If only the news article/stories followed up what they had touted after two-
years it would make a good journalistic report. Or even trying to balance the
article by acknowledging the drawbacks of the the system they are advancing.

I like to read articles that debunk the previous hypes and put a retrospective
article detailing what went wrong.

For e.g. MOOCs were touted as game changing to the online education and after
years, it hasn't really 'disrupted' anything.

------
doctorpangloss
This affirms my experiences with getting to a venture-funded deal. The
stylistic elements of this piece, not its content.

Someone who can speak the product managerese--who takes 7,000 words to say
something and look thoughtful while doing it--is so essential to getting to a
venture-funded deal.

Being on the other side of the process she describes sucks. Like nobody wants
to be part of this imaginary, psuedo-scientific competition. In reality she
just acquiesced to whatever the 6th person demanded. The process wore her
down.

If the process didn't wear her down, there would be no deal, because the deal
only occurs when the product manager character moves along.

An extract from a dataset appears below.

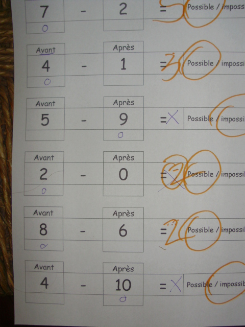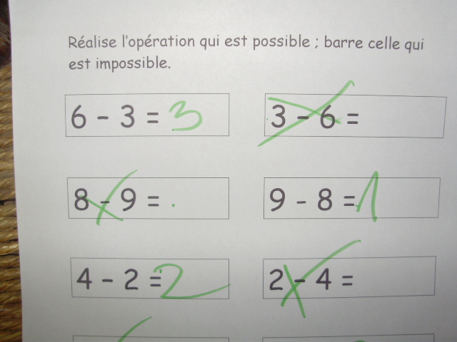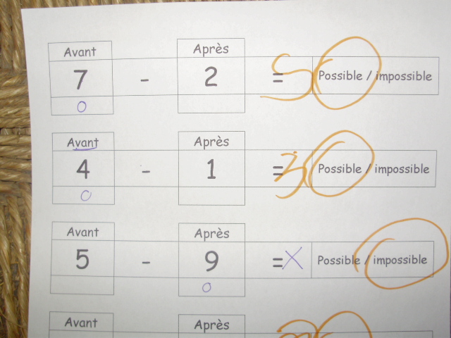 - des fiches qui reprennent les deux mêmes nombres pour réaliser la soustraction, et il doit indiquer celle qui est possible :

In quintessential product manager form, the process disguised a completely
emotionally-driven decision by providing a post-hoc rational for it.

------
opportune
I find it strange to not just use your personal network to find somebody. I
feel like this whole “detached cofounder” thing is for people making an
implicit agreement that you both intend to screw each other over if you ever
get the opportunity.

But if you’re a “product person” I suppose you need someone to actually build
the MVP for you so you can’t really do that part alone.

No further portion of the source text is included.